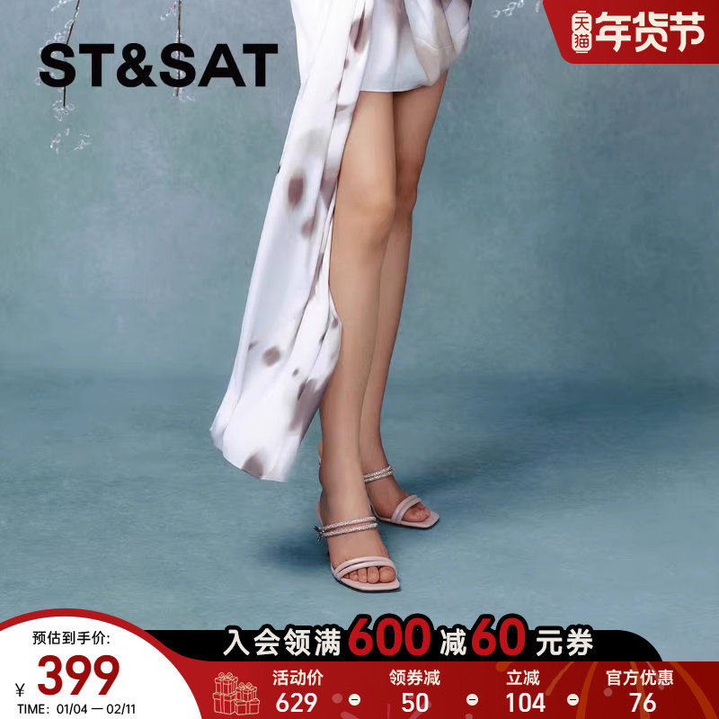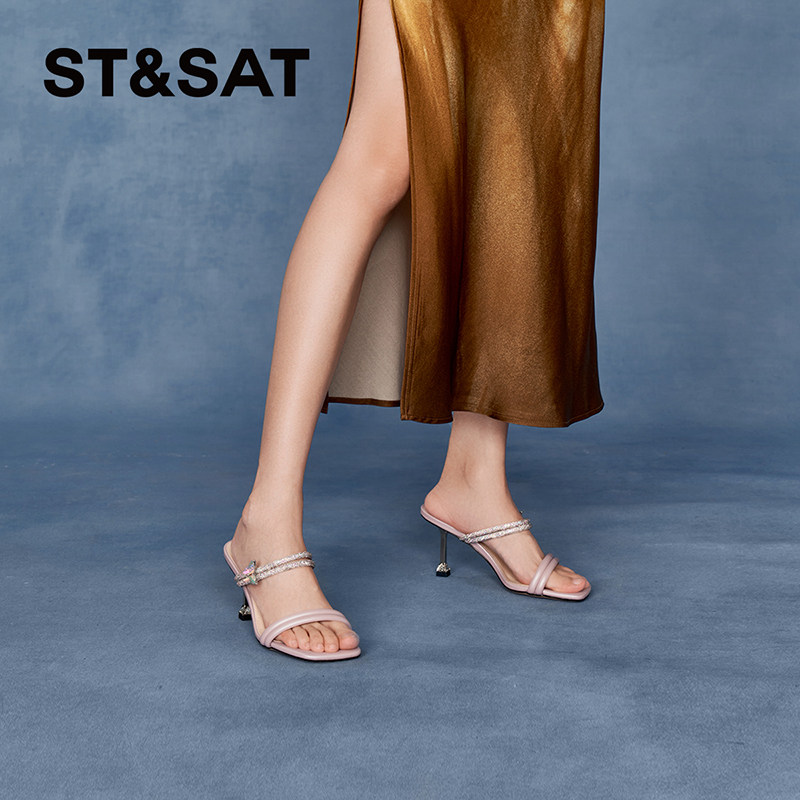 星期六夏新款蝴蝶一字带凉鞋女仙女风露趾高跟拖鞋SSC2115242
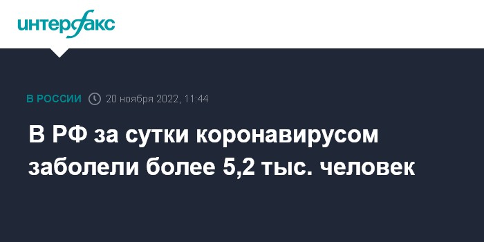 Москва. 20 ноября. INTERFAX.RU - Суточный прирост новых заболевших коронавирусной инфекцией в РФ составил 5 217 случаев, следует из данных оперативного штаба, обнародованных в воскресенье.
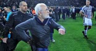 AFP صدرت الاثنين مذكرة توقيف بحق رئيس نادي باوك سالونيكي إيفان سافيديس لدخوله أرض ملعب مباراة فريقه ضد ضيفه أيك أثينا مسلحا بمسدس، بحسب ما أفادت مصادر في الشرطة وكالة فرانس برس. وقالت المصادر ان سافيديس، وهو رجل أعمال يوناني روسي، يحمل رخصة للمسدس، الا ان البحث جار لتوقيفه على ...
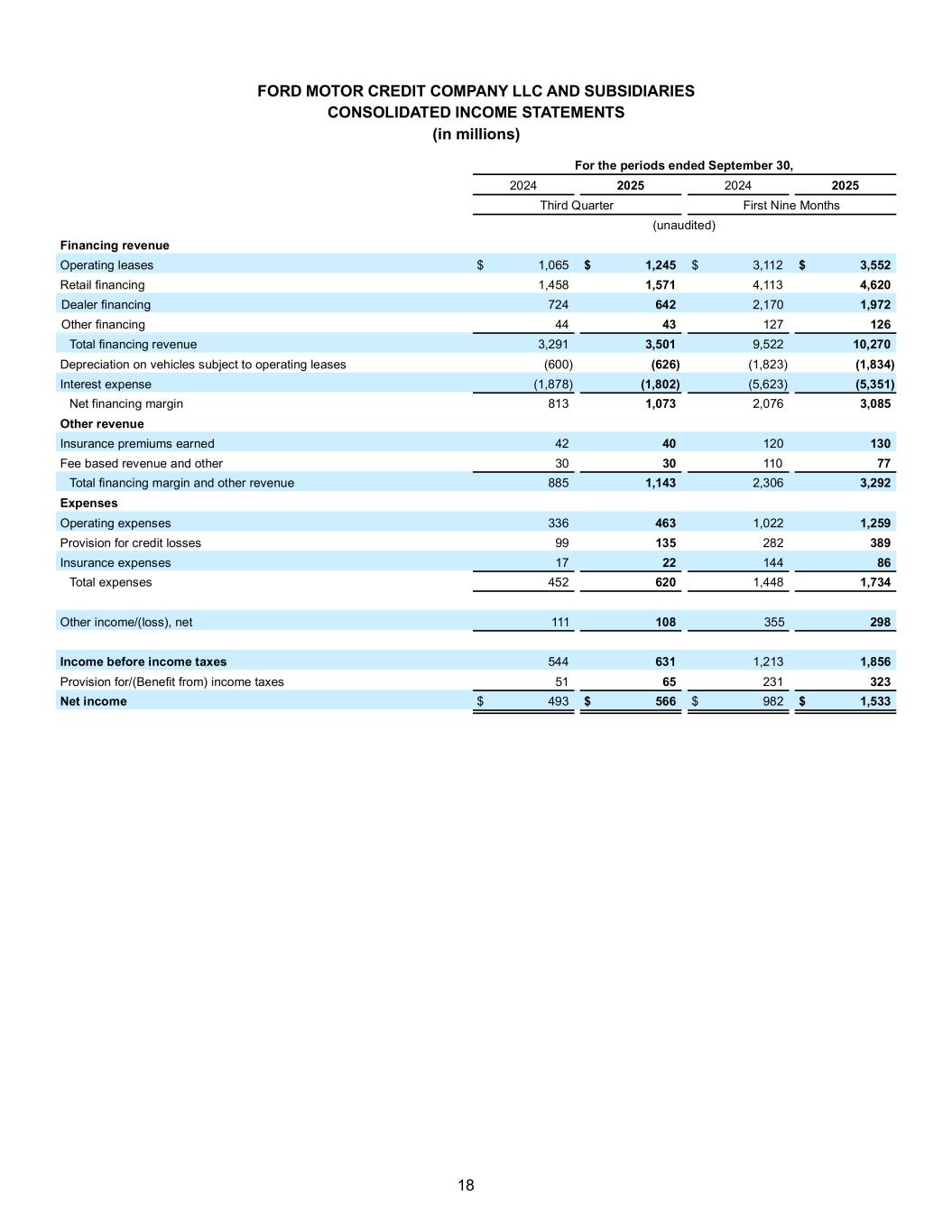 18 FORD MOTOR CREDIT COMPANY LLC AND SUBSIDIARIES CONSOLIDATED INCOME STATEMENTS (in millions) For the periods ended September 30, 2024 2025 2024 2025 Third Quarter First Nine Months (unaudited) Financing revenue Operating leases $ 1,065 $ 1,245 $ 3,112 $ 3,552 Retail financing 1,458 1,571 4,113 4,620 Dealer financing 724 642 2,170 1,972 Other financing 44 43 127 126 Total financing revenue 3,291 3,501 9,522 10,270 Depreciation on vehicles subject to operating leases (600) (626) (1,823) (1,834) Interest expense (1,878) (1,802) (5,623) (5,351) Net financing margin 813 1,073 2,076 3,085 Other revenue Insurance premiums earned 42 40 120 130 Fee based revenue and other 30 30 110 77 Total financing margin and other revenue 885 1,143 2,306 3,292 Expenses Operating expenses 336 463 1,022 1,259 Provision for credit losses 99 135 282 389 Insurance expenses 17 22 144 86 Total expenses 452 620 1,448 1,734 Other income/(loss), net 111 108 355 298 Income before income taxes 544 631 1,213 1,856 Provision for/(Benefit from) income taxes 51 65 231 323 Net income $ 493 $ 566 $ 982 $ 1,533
═══
*REQUIRED WORK*
Reproduce the data word for word without its images.

*ANSWER FOR THE TASK*
 星期六夏新款蝴蝶一字带凉鞋女仙女风露趾高跟拖鞋SSC2115242
 Москва. 20 ноября. INTERFAX.RU - Суточный прирост новых заболевших коронавирусной инфекцией в РФ составил 5 217 случаев, следует из данных оперативного штаба, обнародованных в воскресенье.
 AFP صدرت الاثنين مذكرة توقيف بحق رئيس نادي باوك سالونيكي إيفان سافيديس لدخوله أرض ملعب مباراة فريقه ضد ضيفه أيك أثينا مسلحا بمسدس، بحسب ما أفادت مصادر في الشرطة وكالة فرانس برس. وقالت المصادر ان سافيديس، وهو رجل أعمال يوناني روسي، يحمل رخصة للمسدس، الا ان البحث جار لتوقيفه على ...
 18 FORD MOTOR CREDIT COMPANY LLC AND SUBSIDIARIES CONSOLIDATED INCOME STATEMENTS (in millions) For the periods ended September 30, 2024 2025 2024 2025 Third Quarter First Nine Months (unaudited) Financing revenue Operating leases $ 1,065 $ 1,245 $ 3,112 $ 3,552 Retail financing 1,458 1,571 4,113 4,620 Dealer financing 724 642 2,170 1,972 Other financing 44 43 127 126 Total financing revenue 3,291 3,501 9,522 10,270 Depreciation on vehicles subject to operating leases (600) (626) (1,823) (1,834) Interest expense (1,878) (1,802) (5,623) (5,351) Net financing margin 813 1,073 2,076 3,085 Other revenue Insurance premiums earned 42 40 120 130 Fee based revenue and other 30 30 110 77 Total financing margin and other revenue 885 1,143 2,306 3,292 Expenses Operating expenses 336 463 1,022 1,259 Provision for credit losses 99 135 282 389 Insurance expenses 17 22 144 86 Total expenses 452 620 1,448 1,734 Other income/(loss), net 111 108 355 298 Income before income taxes 544 631 1,213 1,856 Provision for/(Benefit from) income taxes 51 65 231 323 Net income $ 493 $ 566 $ 982 $ 1,533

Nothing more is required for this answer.